Helichrysum sphaeroideum

Scientific classification
- Kingdom: Plantae
- Clade: Tracheophytes
- Clade: Angiosperms
- Clade: Eudicots
- Clade: Asterids
- Order: Asterales
- Family: Asteraceae
- Genus: Helichrysum
- Species: H. sphaeroideum
- Binomial name: Helichrysum sphaeroideum Moeser (1910)

= Helichrysum sphaeroideum =

- Genus: Helichrysum
- Species: sphaeroideum
- Authority: Moeser (1910)

South African plant species

Helichrysum sphaeroideum is a species of flowering plant in family Asteraceae. It is native to the Cape Provinces of South Africa.

== Description ==
This straggling subshrub grow to be up to 60 cm tall. Slender branches grow from the base and often tangle together. They are covered with thin, white felt-like hairs. The leaves are oval or elongated ovals. They are white felted beneath and hairless above.

Flowers are most common in December and January, but may be present between September and February. The flower heads are disc shaped with few to many growing in dense terminal clusters. The inner bracts spread above the white flowers. The tips of the petals way be tinged reddish or pink. Each flower has eight to thirty florets.
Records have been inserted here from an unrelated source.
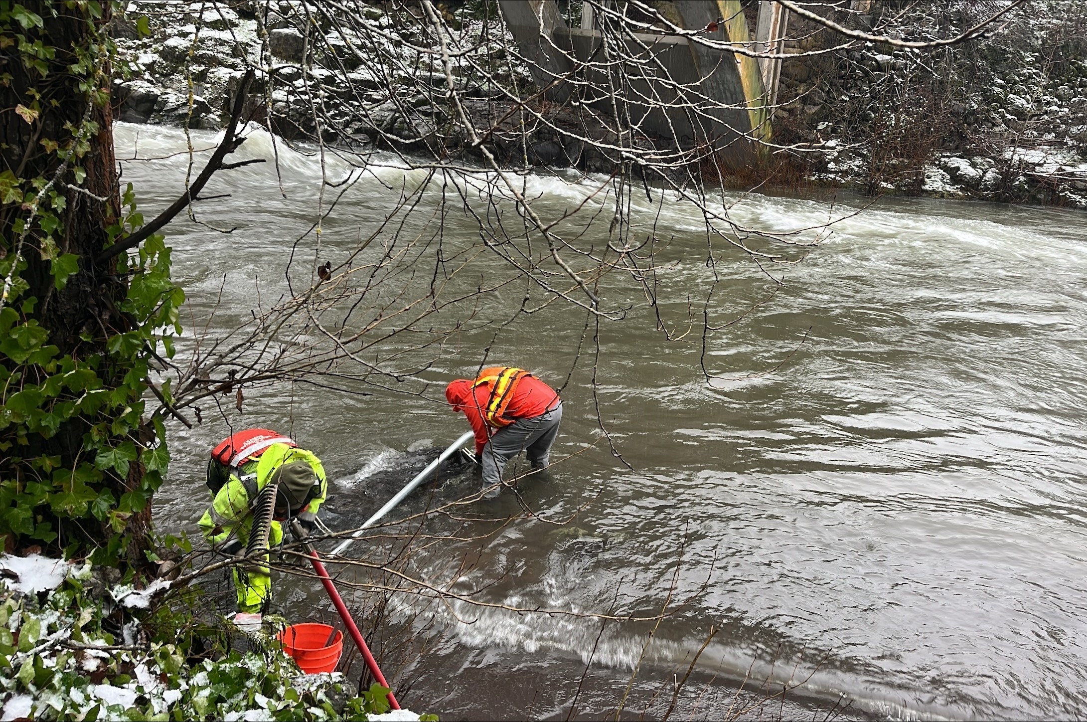 The original orifice was damaged in last week’s high flows, and another flood was underway, so restoring data quickly was critical. This site is a key flood location for National Weather Service forecasts and public use, including kayakers. The temporary fix provided real-time data during rapidly changing conditions, and several kayakers expressed appreciation. The Hood River at Tucker Bridge, near Hood River, OR streamflow gage (# 14120000) is operated in partnership with the US Department of Energy - Bonneville Power Administration.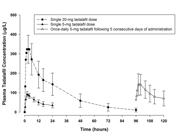 In eight primary placebo-controlled clinical studies of 12 weeks duration, mean age was 59 years (range 22 to 88) and the discontinuation rate due to adverse events in patients treated with tadalafil 10 or 20 mg was 3.1%, compared to 1.4% in placebo treated patients.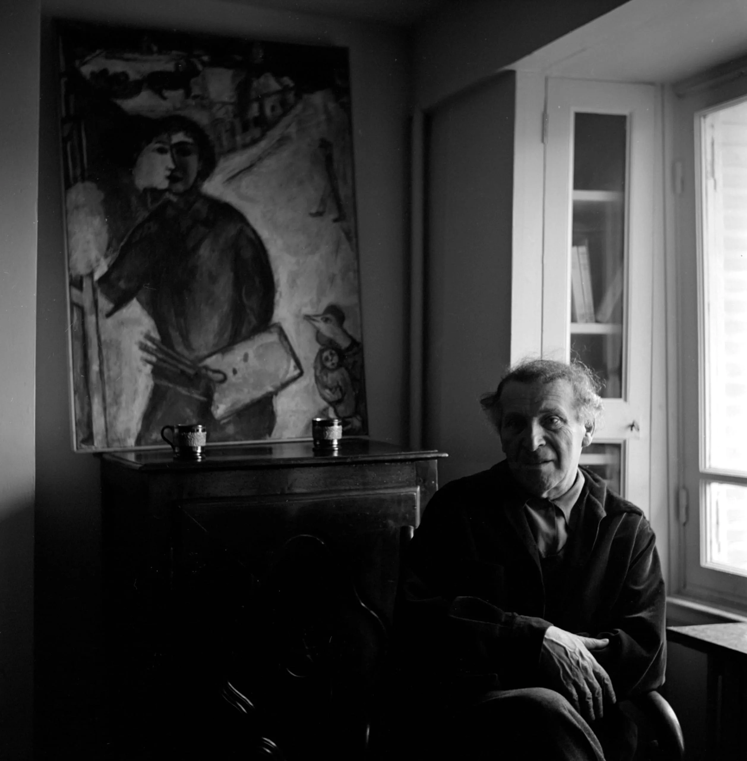 Black and white photograph of an elderly man seated in a dimly lit room, lit from the right, with a large figurative painting hanging on the wall behind him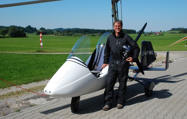 Ca. 30-minütiger Tragschrauber-Rundflug gemäß gemeinsamer Flugplanung (z.B. über lokale Sehenswürdigkeiten, Wohnorte, etc.)
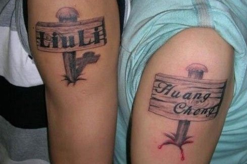 这种情侣名字纹身,要是分手了,就让人产生一种爱情坟墓的念想,有木有?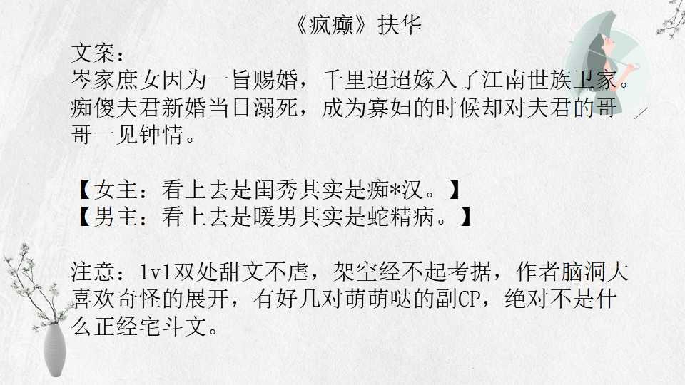 17、 《疯癫》扶华 25 万字 BG 完结(又名《画堂朱户》 )

The ovaries are hairy.

== Distribution and habitat ==
This species grows on the Cape mountains of South Africa. It ranges from Tulbagh and Paarl to Groot Swartberg, north of Calitzdorp. It prefers damp sandstone slopes, usually growing in more sheltered areas such as gullies and ravines.

== Conservation ==
This species is considered to be of least concern by the South African National Biodiversity Institute.